The Epiphany - My first star schema

English: PNG image of a star schema (Photo credit: Wikipedia)

Dimensional Modeling

When studying new concepts there is always a moment.

A single moment when a new concept is internalized.

We don't always remember this moment, but for me, learning about the star schema concept of dimensional modeling some time ago this moment was relatively easy to remember.

It was during the election of 2004.

Up until this moment, whenever I thought of a data model it was always some sort of Normal form.

De-normalization was not something that came naturally to me.

I had been a DBA (Database Administrator) at this point for over a decade (Let's not focus on how long I had been doing it at that point).

I had recently read The Data Warehouse Toolkit, by Ralph Kimball and Margy Ross. I was having a little difficulty applying this new found knowledge.

I was watching the election returns on the night of November 2, 2004. We had to run an errand to a car dealership that was located about 30 minutes away from home. So as we were driving, I began to play the scenario in my head asking myself this question:

How can they sum up so much diverse information so quickly?

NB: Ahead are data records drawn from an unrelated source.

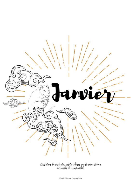Vous avez en première page le dessin du mois de janvier dont la thématique sera déclinée tous le mois sur les autres pages.
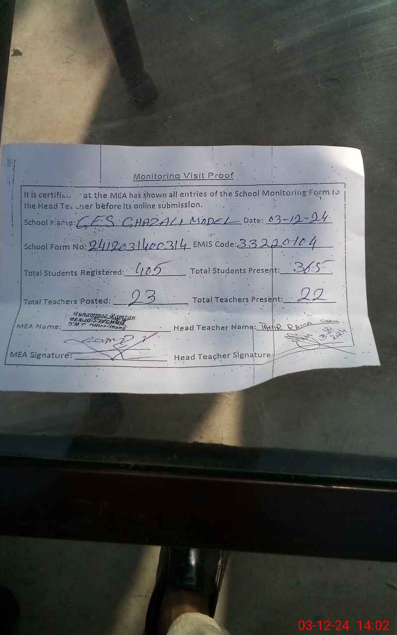 | Attendance Register | Head Teacher | MEA with School | Visit Proof |
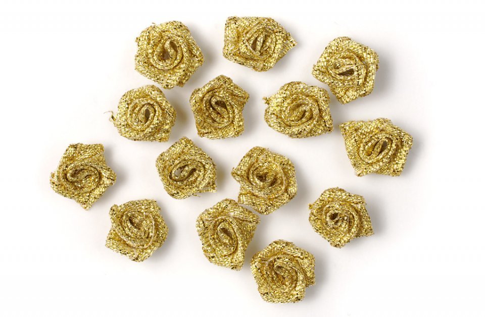 Drobné zlaté tkaninové růžičky jsou dokonalým doplňkem ke zdobení všech druhů kreativních projektů jako jsou alba či pohlednice. Ideální k vytváření vlastnoručních dekorací, oděvních a interiérových dekorací stejně jako ke zdobení krabic, obalů, dárků a mnoho dalších. Velikost: 1,5cm. Množství: 20ks.
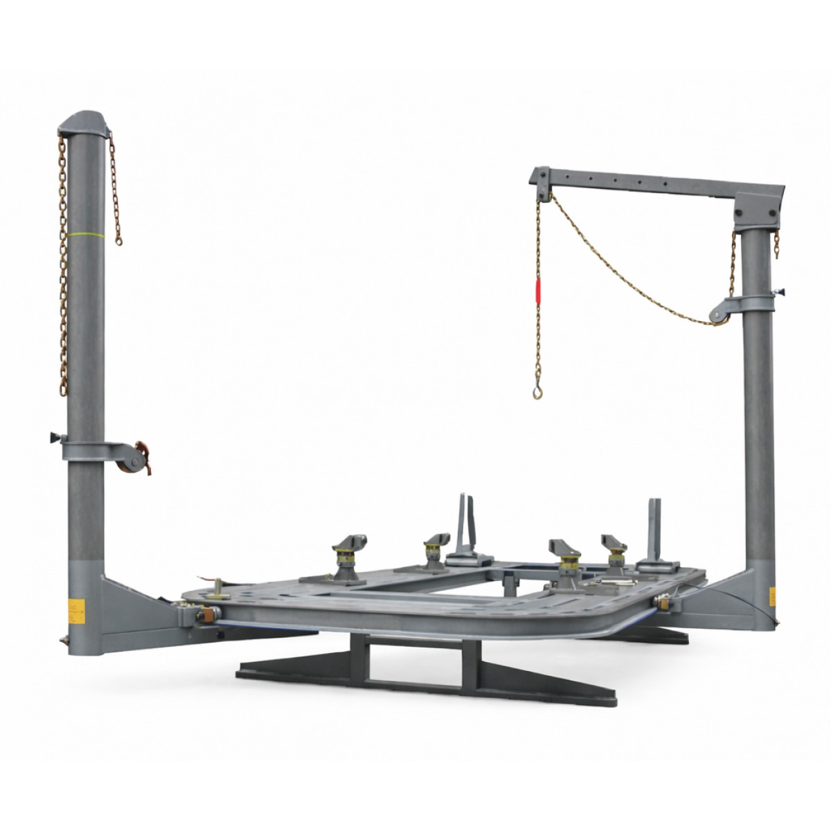 Платформний стапель SkyRack SR-923 призначений для правки геометрії кузова легкових автомобілів і позашляховиків, що мають відбортовку порогів. Для ремонту авто без відбортовки порогів застосовуються спеціальні адаптери для фіксації кузова на стенді. Потужна рама оригінальної напівкруглої конструкції витримує високі навантаження під час ремонту, а отвори по периметру дозволяють встановлювати силові пристрої під будь-якими кутами. Конструкція рами забезпечує доступ до днища автомобіля, що спрощує виконання робіт. Кожен силовий пристрій має вмонтований гідроциліндр, що працює від гідравлічного насоса. Силові пристрої переміщуються по периметру рами, швидко фіксуються притискним важелем і дають змогу працювати навіть у кутових зонах. Для заїзду автомобіля задня частина рами опускається підйомним пристроєм. Стійки кріплення фіксують авто за відбортовку порогів, а комплект оснащення допомагає виконувати ремонт швидко, точно та якісно.
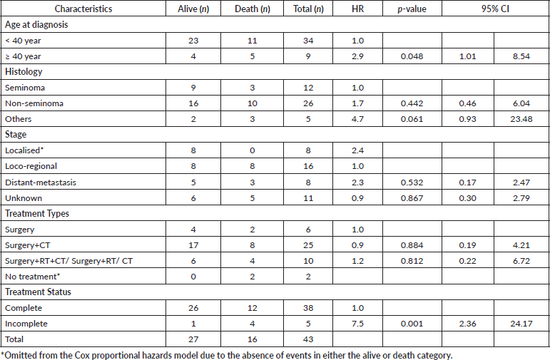 The results of the Cox proportional hazard model of testicular cancer patients by selected background characteristics show that the survival outcomes varied between histology, stage at diagnosis and treatment types, but the results were not statistically significant. However, for the age at diagnosis, the survival of testicular cancer was lower among patients with age more than 40 in contrast to those less than the age 40 at the time of diagnosis, and the results were statistically significant (Hazard ratio (HR: 2.9) 95% CI: 1.01–8.54). Similarly, results were statistically significant for treatment status, where those with incomplete treatment had poor survival outcomes (HR: 7.5, 95% 2.36–24.17] than their respective counterpart. Details are presented in Table 4.

Then I realized a few things:

The data had predefined structure
Most of the data was already known.
The only thing that changed was counts.

So I designed my first star schema driving on the I-95 corridor election night 2004.

The Geo Dimension:
Predefined:
Geo_Key, State,county,city

The Candidate Dimension:
Candidate_Key,Party,Seat,CandidateName

The Voter Dimension:
Voter_Key, VoterID,registered_party, Voter Name

The Time Dimesion:
Time_Key, Hour, Minute

Fact table (Fct_Vote):
Geo_Key,Candidate_Key,Voter_key,Time_Key,1 as vote

Using these 5 tables, I realized I could run simple queries and get all of the same numbers that the major networks were displaying.

Select State,CandidateName,sum(vote) as votes
from Fct_Vote fv
inner join Dim_Geo dg on dg.geo_key=fv.geo_key
inner join Dim_Candidate dc on dc.candidate_key=fv.candidate_Key
group by State,CandidateName

This would rollup to the overall numbers.

This is an incredibly simple example of what could be done with a dimensional model for reporting, but it shows that decoupling the structure needed for an application (Voter registration system, and actual methods used for vote counting are defined by the states, and could possibly all be different), from the structure needed for reporting and analysis can make each system efficient in its own way.

Since we also capture the time a vote takes place we can study the growth paterns, of who voted when, and did they vote along party lines:

Select dc.CandidateName,dc,party,dv.registered_party,dt.hour,sum(vote)
from Fct_Vote fv
inner join Dim_Candidate dc on dc.candidate_key=fv.candidate_Key
inner join Dim_Voter dv on dv.voter_key = fv.voter_key
group by dc.CandidateName,dc,party,dv.registered_party,dt.hour

There is another pattern emerging here:

All the queries have the same structure, since the data model has a solid predefined structure. Store this in a relational database with proper indexing, tablespace structure and decent memory and this "simple" data model can answer almost any question posed to it, cache the results to speed up future questions, and serve many users.

This is the essence of Business Intelligence. Being able to quickly answer repeatable questions with new data.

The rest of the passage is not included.